My current implementation works by partitioning into a left and right array and then passing these arrays to the recursive call. Because I do not know the size of left and and right I just grow them inside a loop which I know is horribly slow in matlab.
I know you can do an in place quicksort, but I was warned about never modifying the content of variables passed into a function, because call by reference is not implemented the way one would expect in matlab (or so I was told). Is this correct? Would an in-place quicksort work as expected in matlab or is there something I need to take care of? What other hints would you have for implementing this kind of thing?
Implementing a sort on complex data in user M-code is probably going to be a loss in terms of performance due to the overhead of M-level operations compared to Matlab's builtins. Try to reframe the operation in terms of Matlab's existing vectorized functions.
Based on your comment, it sounds like you're sorting on a single-value key that's inside the structs in the cells.

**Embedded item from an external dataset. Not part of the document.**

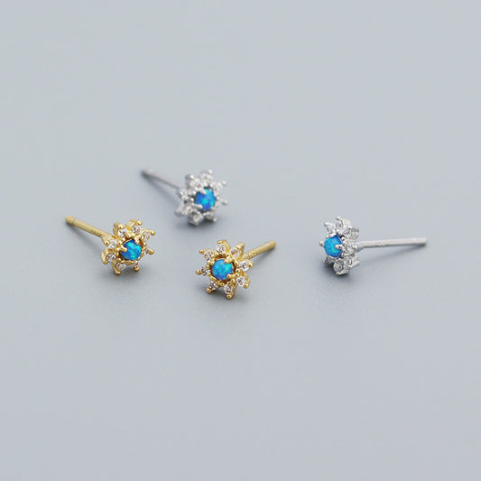Cute Mini Blue Created Opal CZ Flower Stud Earrings (925 Sterling Silver)

You can probably get a good speedup by extracting the sort key to a primitive numeric array and calling the builtin sort on that.
%// An example cell array of structs that I think looks like your input
c = num2cell(struct('foo',{'a','b','c','d'}, 'bar',{6 1 3 2}))

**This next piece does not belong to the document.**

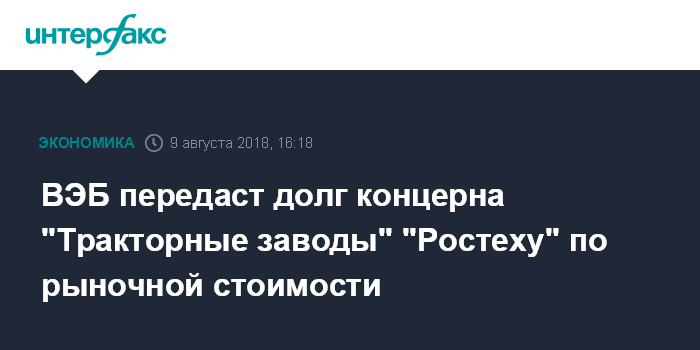 ВЭБ передаст долг концерна "Тракторные заводы" "Ростеху" по рыночной стоимости

%// Let's say the "bar" field is what you want to sort on.
key = cellfun(#(s)s.bar, c) %// Extract the sort key using cellfun
[sortedKey,ix] = sort(key) %// Sort on just the key using fast numeric sort() builtin
sortedC = c(ix); %// ix is a reordering index in to c; apply the sort using a single indexing operation
reordering = cellfun(#(s)s.foo, sortedC) %// for human readability of results
If you're sorting on multiple field values, extract all the m key values from the n cells to an n-by-m array, with columns in descending order of precedence, and use sortrows on it.
%// Multi-key sort
keyCols = {'bar','baz'};
key = NaN(numel(c), numel(keyCols));
for i = 1:numel(keyCols)
keyCol = keyCols{i};
key(:,i) = cellfun(#(s)s.(keyCol), c);
end
[sortedKey,ix] = sortrows(key);
sortedC = c(ix);
reordering = cellfun(#(s)s.foo, sortedC)
One of the keys to performance in Matlab is to get your data in primitive arrays, and use vectorized operations on those primitive arrays. Matlab code that looks like C++ STL code with algorithms and references to comparison functions and the like will often be slow; even if your code is good in O(n) complexity terms, the fixed cost of user-level M-code operations, especially on non-primitives, can be a killer.
Also, if your structs are homogeneous (that is, they all have the same set of fields), you can store them directly in a struct array instead of a cell array of structs, and it will be more compact. If you can do more extensive redesign, rearranging your data structures to be "planar-organized" - where you have a struct of arrays, reading across the ith elemnt of all the fields as a record, instead of an array of structs of scalar fields - could be a good efficiency win. Either of these reorganizations would make constructing the sort key array cheaper.
In this post, I only explain MATLAB function-calling convention, and am not discussing the quick-sort algorithm implementation.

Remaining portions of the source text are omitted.